[Data to process Boundary: Start]

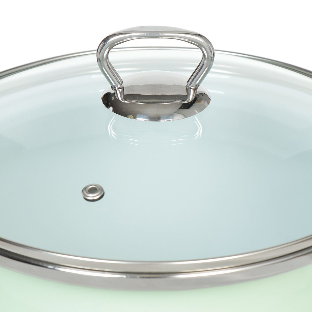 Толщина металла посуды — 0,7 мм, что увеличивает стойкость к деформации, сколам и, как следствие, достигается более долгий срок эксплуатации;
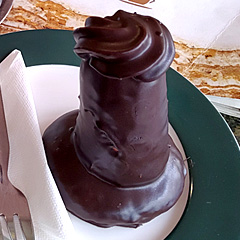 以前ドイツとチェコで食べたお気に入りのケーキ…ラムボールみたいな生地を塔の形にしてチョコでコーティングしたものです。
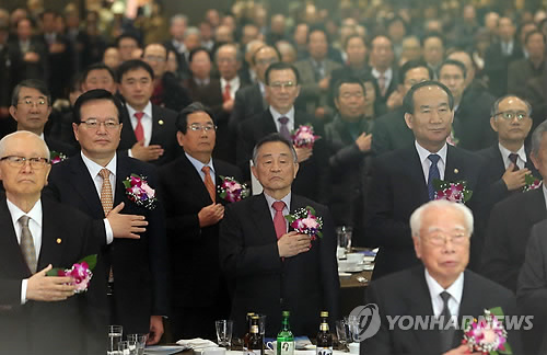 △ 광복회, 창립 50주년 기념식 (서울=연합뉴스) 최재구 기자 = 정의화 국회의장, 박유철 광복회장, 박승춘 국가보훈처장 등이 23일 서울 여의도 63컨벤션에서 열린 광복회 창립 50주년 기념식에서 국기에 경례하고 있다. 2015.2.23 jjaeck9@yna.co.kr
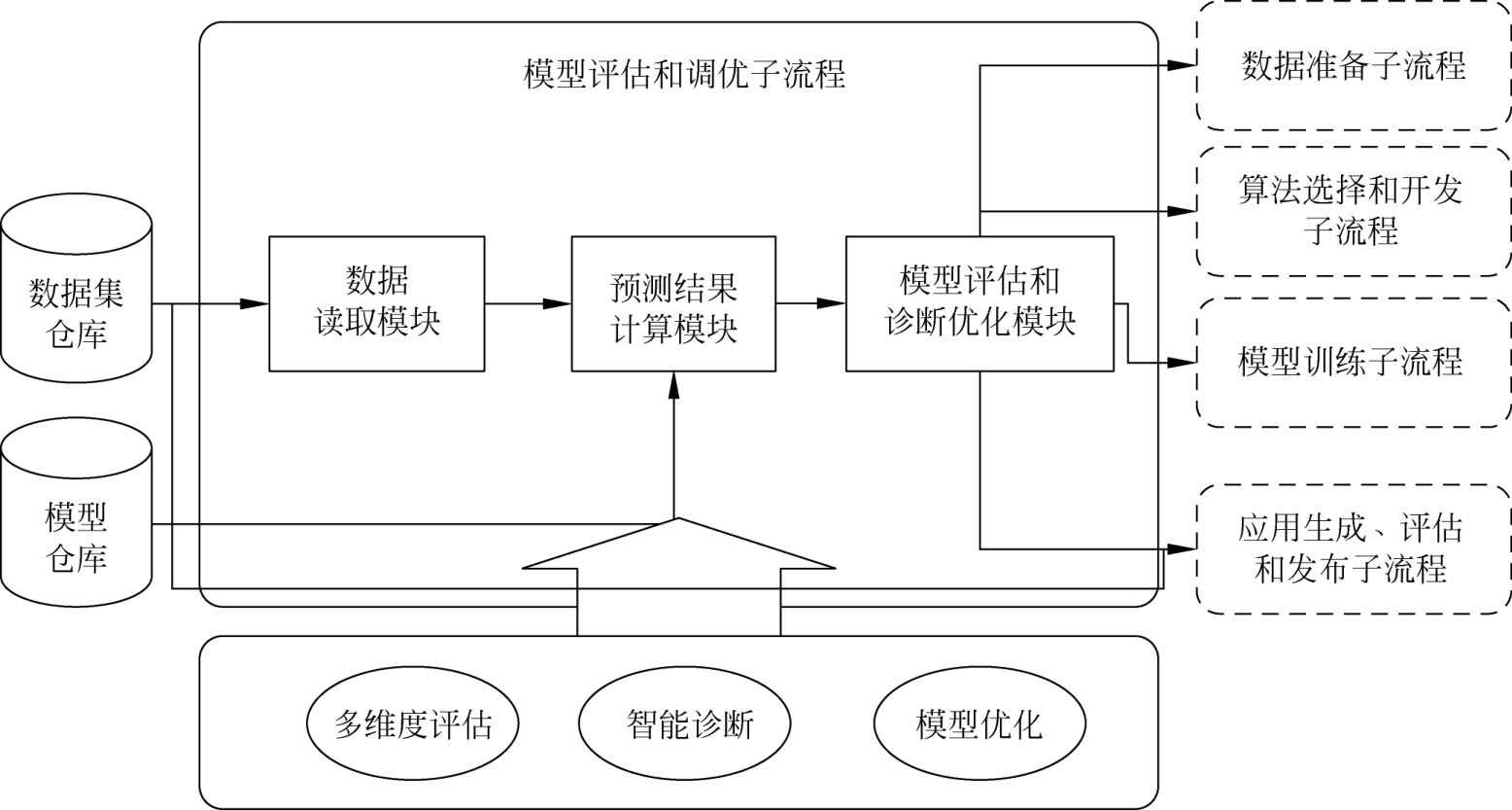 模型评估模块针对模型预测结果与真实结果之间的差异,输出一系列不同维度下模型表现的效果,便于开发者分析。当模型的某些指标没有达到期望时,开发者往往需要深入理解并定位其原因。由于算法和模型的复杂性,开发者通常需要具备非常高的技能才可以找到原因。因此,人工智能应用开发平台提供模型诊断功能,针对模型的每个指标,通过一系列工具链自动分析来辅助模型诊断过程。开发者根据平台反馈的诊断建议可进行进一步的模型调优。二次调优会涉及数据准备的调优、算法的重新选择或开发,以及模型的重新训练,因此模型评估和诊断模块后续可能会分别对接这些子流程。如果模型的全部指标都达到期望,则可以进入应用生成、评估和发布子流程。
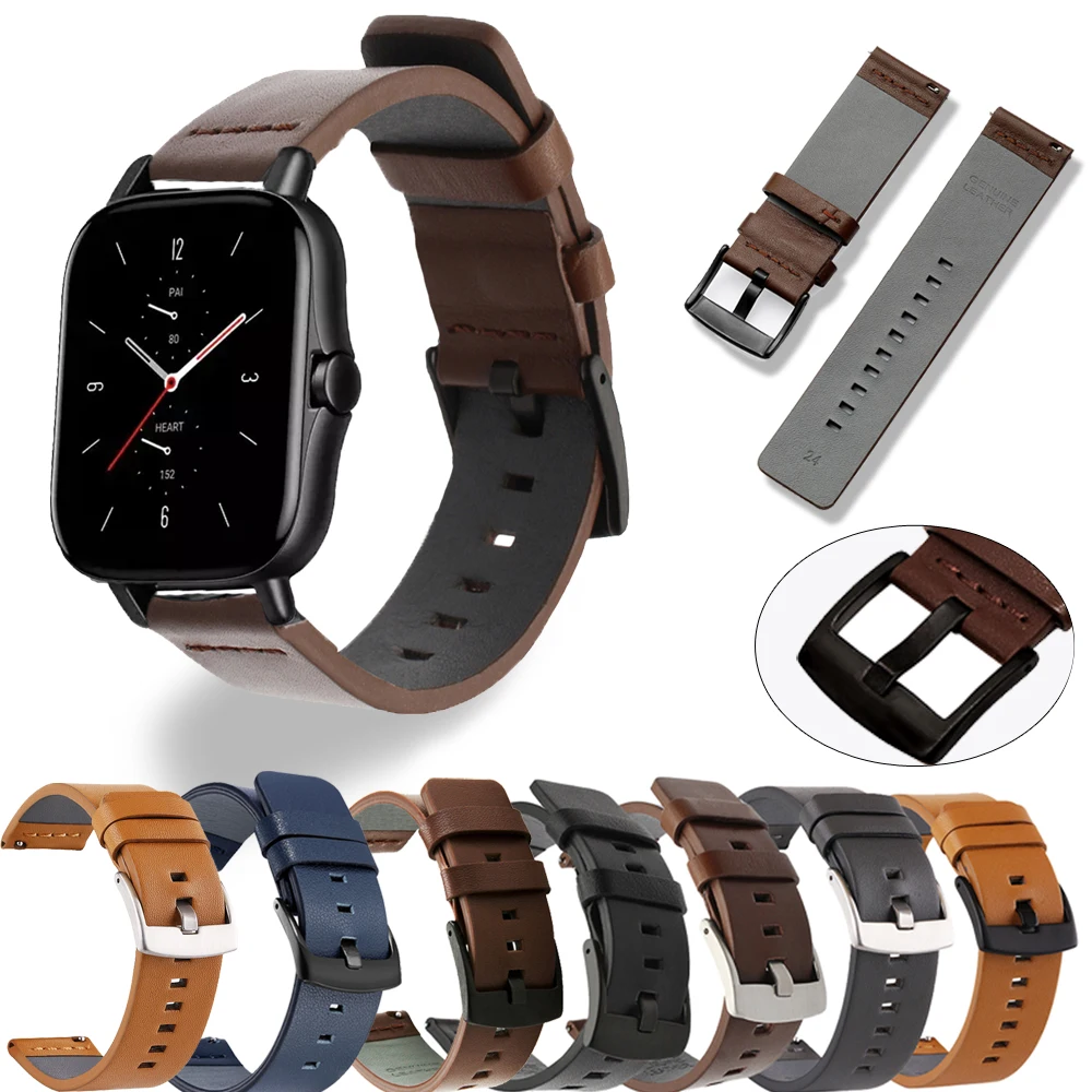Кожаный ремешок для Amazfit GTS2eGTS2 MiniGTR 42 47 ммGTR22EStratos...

[Data to process Boundary: End]

• [Try it] Each line above that falls between the line with "있다. 2015.2.23 jjaeck9@yna.co.kr" and the line with "模型评估模块针对模型预测结果" should be printed exactly, together with those two lines, but the pictures should not.

• [Task output]
 △ 광복회, 창립 50주년 기념식 (서울=연합뉴스) 최재구 기자 = 정의화 국회의장, 박유철 광복회장, 박승춘 국가보훈처장 등이 23일 서울 여의도 63컨벤션에서 열린 광복회 창립 50주년 기념식에서 국기에 경례하고 있다. 2015.2.23 jjaeck9@yna.co.kr
 模型评估模块针对模型预测结果与真实结果之间的差异,输出一系列不同维度下模型表现的效果,便于开发者分析。当模型的某些指标没有达到期望时,开发者往往需要深入理解并定位其原因。由于算法和模型的复杂性,开发者通常需要具备非常高的技能才可以找到原因。因此,人工智能应用开发平台提供模型诊断功能,针对模型的每个指标,通过一系列工具链自动分析来辅助模型诊断过程。开发者根据平台反馈的诊断建议可进行进一步的模型调优。二次调优会涉及数据准备的调优、算法的重新选择或开发,以及模型的重新训练,因此模型评估和诊断模块后续可能会分别对接这些子流程。如果模型的全部指标都达到期望,则可以进入应用生成、评估和发布子流程。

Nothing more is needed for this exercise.